Just briefly, let me highlight three sets of relationships, in which the seemingly little things are really the big things:

1) Our relationship with God.

It’s so easy to think in seminary that you’re hearing enough from God in your studies, whether in the classroom or the homework; or if you’re teaching, that you’re hearing enough from God in your preparation. Our counsel is in How to Stay Christian in Seminary to find some patch in Scripture to graze in from which you have no assignment or formal responsibility, to just go there and feed, nurturing your own soul, not as a means to some project. It’s simple, but vitally important to • hear from God daily in the Scriptures, • speak to him daily in prayer, making our requests known to him, • remember his grace, that he is merciful and compassionate, slow to anger, especially when your patience is wearing thin.

Remember the oxygen-mask instructions on the plane: secure your own mask first, then help others. Watch your life; in doing so you’ll save both yourself and your hearers (1 Tim. 4:16).

2) Our relationships at home.

If you’re married, your calling to be a husband is more objective than any call to ministry you may feel. Don’t neglect your calling to be husband to your wife and daddy to your kids, and thus deny the faith and prove worse than an unbeliever (1 Tim. 5:8).

3) Our relationships in the church.

Don’t be a spectator in the local church, or keep the local church at arm’s length, but be fully in — “not neglecting to meet together, as is the habit of some” but “encouraging one another” and considering “how to stir up one another to love and good works” (Hebrews 10:25–26).

Simple As It Is, You Will Fail

Let me close with this word. Even though the counsel we have for you in seasons of waiting — whether seminary or some transition or some vocational change or whatever — even though the counsel is very simple, that does not mean it’s easy.
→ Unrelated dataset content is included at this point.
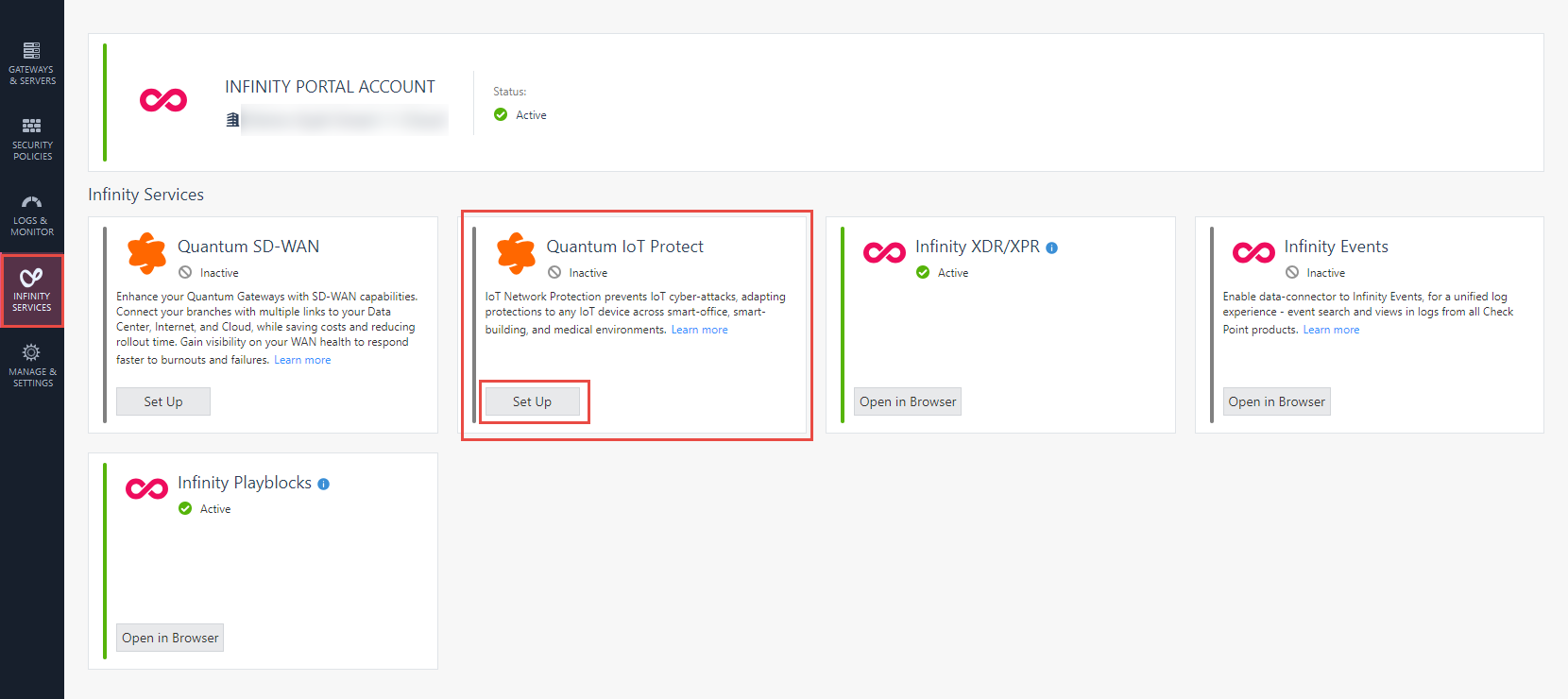Navigate to Infinity Services and in the Quantum IoT Protect widget, click Set Up.

And it doesn’t mean perfection is demanded — or even possible.

You will fail — even as simple and basic as these things are. It’s very simple to say that the key to staying a Christian is being one, but being a Christian is a supernatural thing, piled upon layers and layers of grace, desperately dependent on the Holy Spirit. So, we’re not saying if you fail, but when you fail, don’t lean elsewhere, but lean into God.

When you catch yourself giving yourself a pass, or moving into a holding pattern, repent for presuming that you could do anything apart from Jesus, and cast yourself on him again. He is gracious and merciful, and eager to uphold you, and even have you blossom and flourish, in any season of preparation or transition or waiting.